UM out to leave Gators all wet

Soggy field at Pro Player could slow down Florida

Guard Wike may play

Orange Bowl : Maryland vs. Florida

January 01, 2002|By Christian Ewel | Christian Ewel,SUN STAFF

MIAMI - Rain is usually gloomy news for South Florida visitors, but it provided a ray of hope for Maryland's chances against Florida in tomorrow's Orange Bowl.

The 10-1 Terrapins completed their final practice yesterday at Barry University under overcast skies and on a soggy field. Today, the team will conduct a walk-through at Pro Player Stadium.

A wet field could trim the disadvantage for Maryland, a 16-point underdog against a fast Florida team. "You might see me out there watering it," said Maryland head coach Ralph Friedgen, who announced yesterday that left guard Todd Wike may play but won't start.

One of Florida's major attributes has been its team speed, particularly the wide receivers who have been a major reason for the team's 405 passing yards per game.

Though Maryland's use of its first-team players against one another has helped simulate some of Florida's speed, the thought is that sloppy conditions might slow down the 9-2 Gators, and take pressure off Maryland at some speed positions.

"If we could get it in the mud, it might help us. Unless they're mudders," Friedgen said. "That's why we practiced today. We have to be able to practice if it's wet out. My father used to say that water is the great equalizer. So we'll see."

However, slop wouldn't only hurt Florida. Terp defenders may lose footing while covering receivers.

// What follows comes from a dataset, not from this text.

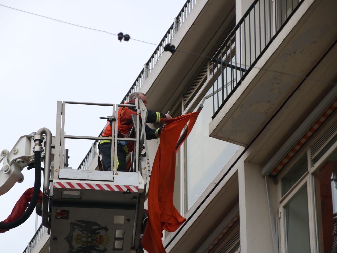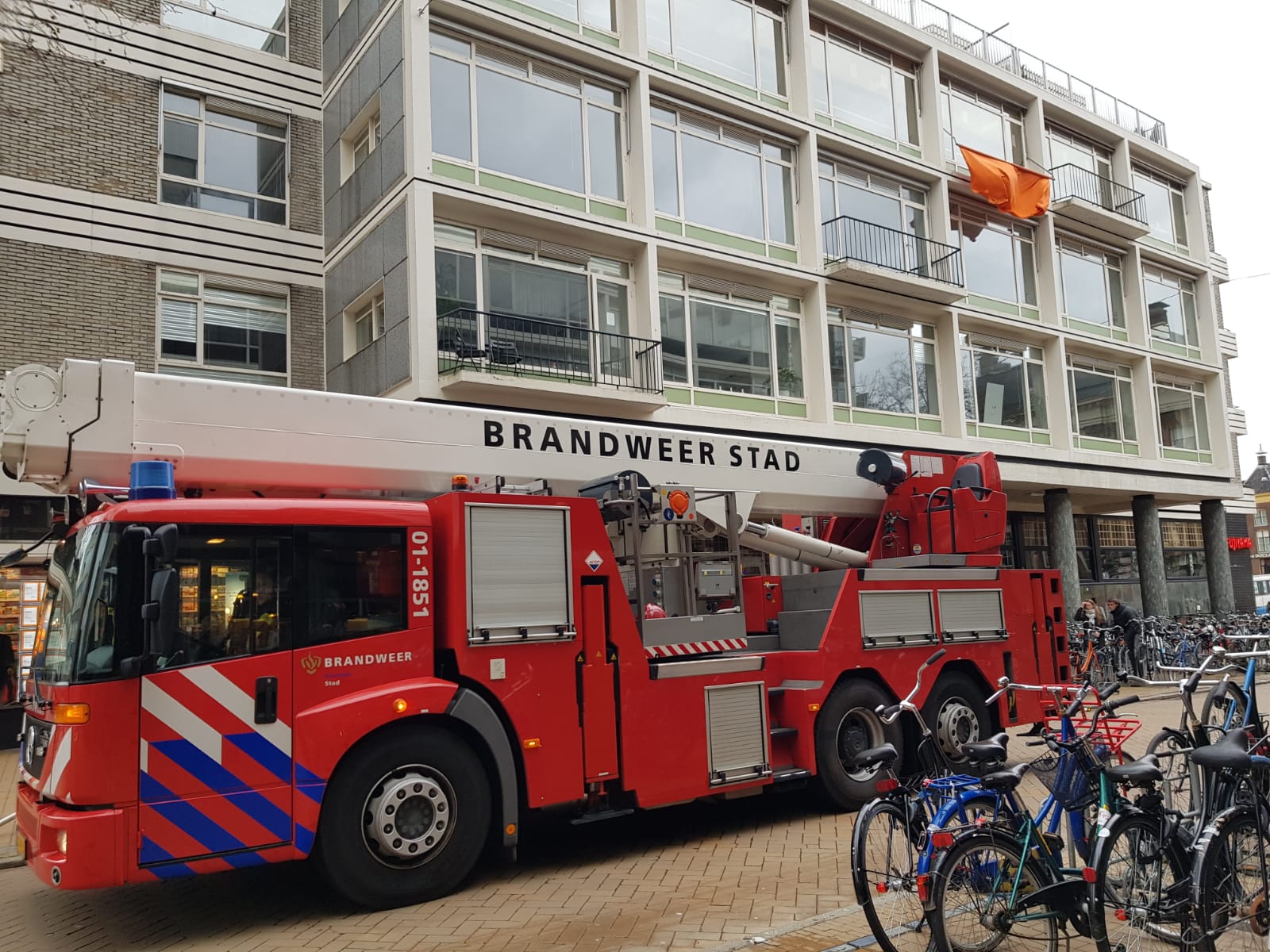 De melding van een stormschade kwam rond 15.30 uur bij de hulpdiensten binnen waarop de hoogwerker van de brandweer ter plaatse werd gestuurd. “Op de bovenste verdieping van een gebouw aan het plein is een zonnescherm los komen te zitten”, ziet Wind die ter plaatse is. “Het scherm is waarschijnlijk door de harde wind losgeraakt en dreigt nu naar beneden te vallen.” Bij aankomst van de brandweer heeft men allereerst een verkenning gedaan. “Uiteindelijk besloot men om de hoogwerker in positie te brengen om vervolgens via de korf het scherm los te maken en naar beneden te halen waarmee de situatie weer veilig was.”

On offense, much of the team's renaissance has come with the blossoming of its option package, which rain tends to hinder for turnover-conscious teams like Maryland.

"I'd like to make sure we could keep the option game," Friedgen said. "So it works both ways."

Maryland ended its practices by carrying 18 seniors off the practice field, accounting for every player except for junior linebacker E.J. Henderson, who is expected to leave for the NFL after tomorrow night's game.

Friedgen said the gesture was a tradition he'd like to start with his Terrapin teams.

"I think they thought it was a little foolish," he said. "But it's something a little special to recognize their efforts and what they've put into the program for the last four years."

Maryland would like to be healthier, but strong safety Tony Jackson has apparently recovered from his ankle injury and will play, while Friedgen reiterated that cornerback Tony Okanlawon is ready to go after a 10-week layoff.

Wike participated in more of practice while still using the cast. Friedgen said he would see how things go at today's walk-through before making a final decision on his status, but said that he would definitely not start. Kyle Schmitt will fill in.

"Wike's a seasoned guy," Friedgen said. "Kyle's not a bad player, he's played some. He's just a young kid who's going to be a real good player."

Regardless of what happens against the Gators, the coach said he was glad for what the experience was able to do for the team, especially on offense where coordinator Charlie Taaffe said that only 35 percent of the plays had been installed this season.

Friedgen said the extra practices could benefit Maryland in the future, even if the 46-day layoff may hurt the team tomorrow night.

"It's been a very good period for us, in terms of our program," he said. "Hopefully, it will pay off in the bowl for us, but we've had really tough work and our kids are responding.

"I think we're ready. I can never get enough practices but it's now or never. We've improved. But my concern is that we haven't played."